In the end, we can argue that this outcome is a result of trying to create another source of truth on client side. Namely, a replicated DB. Dealing with caches is not easy in any case, and using JSON:API is too not setting us free. Considering many of the modern applications are collaborative and they have to deal with frequently evolving data, polling and invalidating cache are more effective strategies to overcome the issue.
Certainly it is not the motivation for JSON:API specification, but you can argue that it is a GraphQL alternative. Especially when you consider sparse fieldsets, it is quite similar to what GraphQL proposes. But with its query language GraphQL forces you to think about the data you want to get as a first thought. With sparse fieldset, it is mostly an afterthought. It is mostly about fetching data all at once and hoping that it'll be useful later. But thinking about the performance and all new strategies like prefetching on client side, it feels like an outdated solution.

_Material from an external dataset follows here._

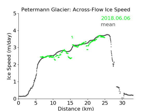 All data files from Petermann Glacier, from Sentinel-1 data acquired between 06.06.2018 - 12.06.2018 Geotiff and ASCII text 2.45 MB PG_180606_180612.zip
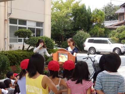 今日の中間休みはのほほんの会による自転車紙芝居でした。運動会の練習で忙しい中、みんな集まって来ていました。

And another area that the specification is lacking is the discoverability and documentation. JSON:API does not offer a way to expose the resource types or the error codes that might be returned by a certain API. So, no solution to ensure that the contract between server and client is valid.
The intention behind the specification is quite solid. Countless hours have been spent discussing minor details to determine the behavior of an API, and more will be spent. Despite the idea to tame and standardize a solid REST API is noble, there are no silver bullets here. JSON:API specification is providing a solution that is no better than postgrest. A thin wrapper around the data layer with all the effort moved elsewhere.
In small applications (in particular apps rely heavily on CRUD operations), you are fine without it, and you can do wonders by designing every API by your own needs. Pagination, filtering, error handling, you name it. In big applications where lots of people are required to collaborate and align, discoverability and robustness have higher priority. Therefore, for that purpose, GraphQL is likely a better choice.